En las Profundidades de Café Berlín
Cuarto Encuentro: Primera Parte
Ella me había confirmado por el celular que estaría allí. Estoy un poco tarde, y ahora apresuro el paso mientras voy arreglándome la ropa como puedo. La respiración se acelera, no porque voy a toda prisa, sino porque nuevamente voy a encontrarme con la que me arrastró hacia la locura, cuando quise convertirme en el manjar que se enriquecería con la espesura de su boca… El corazón se precipita, no porque voy más aprisa, sino porque otra vez mis ojos recorrerán la pista de su boca olímpica, galardón anhelable de célebres atletas. Sí, ella misma…, la Mujer de Boca Grande, la propietaria de mi fantasía, de estas letras, de mi sueño.
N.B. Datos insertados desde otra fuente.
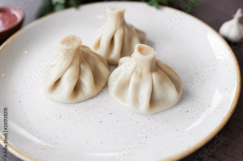 Georgian Khinkali on a white plate. Closeup. view from above. National cuisine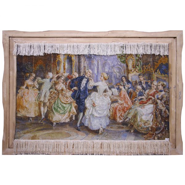 تابلو فرش رقص تالارنمایی از رقص عاشقانه عروس و داماد میباشد . در اطراف عروس و داماد زوج های دیگری را در حال رقص میبینیم همچنین در سمت چپ تابلوفرش گروه ارکست را میبینیم که با صدای ساز و آوازشان حس و حال شادی را به مجلس میبخشند .

Como todo último viernes de cada mes, organizado por la talentosa y súper cariñosa Bárbara Forestier, había lectura de cuentos en Café Berlín. Nunca lo había visitado. Por fin llegué, abrí la puerta, subí los escalones, giré hacia la derecha, y lo primero que me impresionó del lugar fue un cuadro rectangular, en el que había una sirena muy sensual, acompañada por once peces. Pero algo me extrañó de la sirena: tenía un aspecto pálido, una sonrisa amplia, por la que dejaba ver unos dientes afilados. ¿Acaso esto era signo de una mala noche?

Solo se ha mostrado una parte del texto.